## PROVIDED MATERIAL
....................

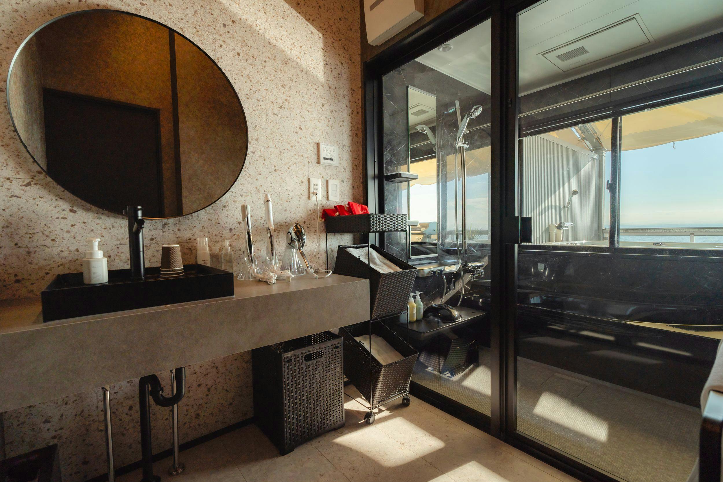 ในห้องพัก คุณสามารถสัมผัสประสบการณ์การบดเมล็ดกาแฟด้วยมือและชงกาแฟดริปได้ มีเมล็ดกาแฟเบลนด์พิเศษ 3 ชนิดที่ได้รับแรงบันดาลใจจากธรรมชาติ ได้แก่ "แคมป์ไฟ" "ภูเขาและทุ่งหญ้า" และ "ชายทะเล" ใช้เมล็ดกาแฟคั่วเองจาก "mir-cafe" ที่มีสำนักงานใหญ่ในโอกาซากิ เพลิดเพลินกับวิวทะเลกว้างใหญ่และเริ่มต้นการเดินทางผ่อนคลายของคุณพร้อมกาแฟ
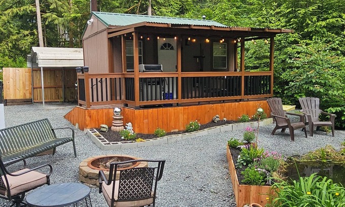Escape to nature's heart in our cozy gues/tiny house cabin, nestled in Canyon Falls neighborhood, Granite Falls. Enjoy adventure and relaxation with easy access to Cascade mountain trails and stunning natural features, just 1 hour from Seattle.
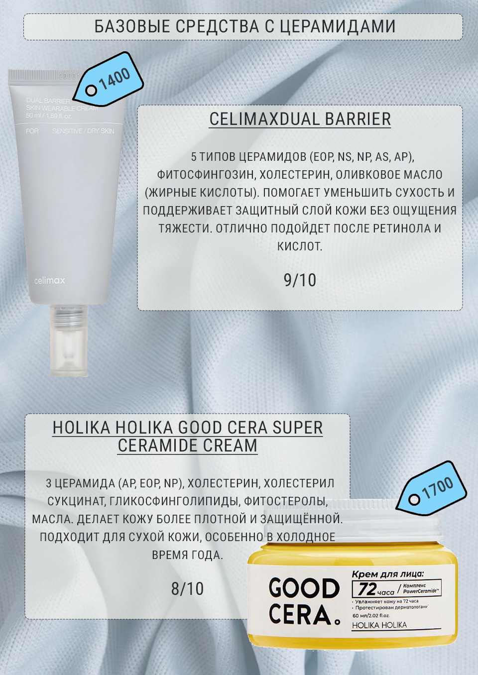 Перелопатила кучу сайтов, чтобы найти действительно рабочие продукты. Везде подпишу тип кожи и можете брать любой из этой подборки, как видите тут есть и бюджетные и дорогие средства ,но по составу они все отличные.

....................

## TASK STATEMENT
All of the material must be given again exactly, though no picture may appear in the copy.

## OUTPUT BELOW
 ในห้องพัก คุณสามารถสัมผัสประสบการณ์การบดเมล็ดกาแฟด้วยมือและชงกาแฟดริปได้ มีเมล็ดกาแฟเบลนด์พิเศษ 3 ชนิดที่ได้รับแรงบันดาลใจจากธรรมชาติ ได้แก่ "แคมป์ไฟ" "ภูเขาและทุ่งหญ้า" และ "ชายทะเล" ใช้เมล็ดกาแฟคั่วเองจาก "mir-cafe" ที่มีสำนักงานใหญ่ในโอกาซากิ เพลิดเพลินกับวิวทะเลกว้างใหญ่และเริ่มต้นการเดินทางผ่อนคลายของคุณพร้อมกาแฟ
Escape to nature's heart in our cozy gues/tiny house cabin, nestled in Canyon Falls neighborhood, Granite Falls. Enjoy adventure and relaxation with easy access to Cascade mountain trails and stunning natural features, just 1 hour from Seattle.
 Перелопатила кучу сайтов, чтобы найти действительно рабочие продукты. Везде подпишу тип кожи и можете брать любой из этой подборки, как видите тут есть и бюджетные и дорогие средства ,но по составу они все отличные.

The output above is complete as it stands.